Marketing Week is to change from a weekly to a monthly magazine as part of publisher Centaur Media’s long-term plan to move away from print.
Chief executive Andria Vidler told Press Gazette the move was part of the “evolution” of the Marketing Week brand and the result of its growing income digital and events operations.
The brand is set to keep its title, despite the change from a weekly publication, with online reporting to continue on a daily basis while print is set to offer more “in-depth analysis, trends and reports”.
Vidler said the move was due to Marketing Week’s “significant success online”, claiming in January it recorded 328,000 unique monthly visitors to the website, up more than 100 per cent year-on year.
Weekly magazine The Lawyer, also published by Centaur Media, is expected to move to a monthly print frequency in April with proposals to make Employee Benefits magazine an online-only offering (following Design Week which went online-only last year).
Vidler, who was appointed chief executive in November 2013, said the changes had been made possible by the £1.5m investment in digital made by the company under her watch.
“I pressed our board to let me invest in this business to ensure they were never in a place to cut these magazines purely on cost,” she said. “That would have been detrimental to these brands.”
After three years, she said a number of the brands had now reached a “pivotal point” and were “choosing to change the frequency of their print products”.
“It’s been led deliberately by a strategy,” said Vidler. “We were determined to be able to diversify the formats and our revenue streams to enable the brands to be strong in the future.”
She said the intention of the strategy had not been to “eradicate print”, adding: “Print isn’t disappearing at Centaur at all but it is evolving in being able to have a role that is distinct and complimentary to digital.”
“Print has a role in our community’s lives and what we wanted to do was to ensure that the brands had options and had the flexibility and the infrastructure to be able to be really agile and adapt to what that community needed at whatever time, and that’s what I’m proud of.”
She denied the move was based on cost-saving, but acknowledged that titles like Marketing Week, which had relied heavily on print advertising, have been hit hard by the industry-wide decline in print ad revenue.
“If it was a cost-saving initiative we would have done it three years ago.

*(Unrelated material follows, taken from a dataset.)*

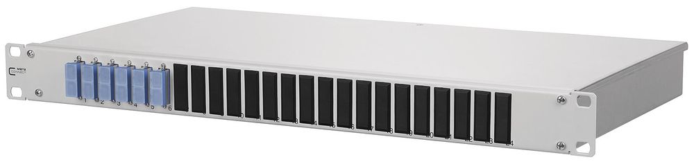 Metz Connect 150259E206-E BTR OpDAT fix 6xSC-D SM OS2 Keramik blau bestückt 19z 1HE Patchfeld

But it isn’t,” she said.
“We have invested a lot of money across all of the brands to encourage the websites to really deliver a strong user experience and to really build up that user link and relationship which is now enabling us to evolve what the print product could be.”
She added: “I don’t think it would be any surprise to anybody in the industry to know that print display advertising hasn’t been growing and if you want to grow your business you have to grow other revenue streams and find other sources [of revenue].
“It isn’t what we weren’t anticipating. I can’t believe anybody was anticipating print display advertising was growing.
“Some of our brands have bucked the trend and have been growing their market share but in order to have a healthy business you need to grow your revenue and profit and in order to do that you don’t keep a business or brand locked in a format that you don’t think can grow.”
Vidler said The Lawyer had grown its revenue from paid online content but that there were no plans to do the same at Marketing Week.
She said The Lawyer would take on more of a “themed report magazine” format in its new monthly print offering.
She also said she was not aware of any job losses in the editorial team of around 130 journalists as a result of the changes.
But, an insider told Press Gazette: “The mood among staff is depressed. They worry about their jobs and worry about the futures of the magazines they care so much for. Editorial quality is being eroded and we feel our readers will feel cheated.”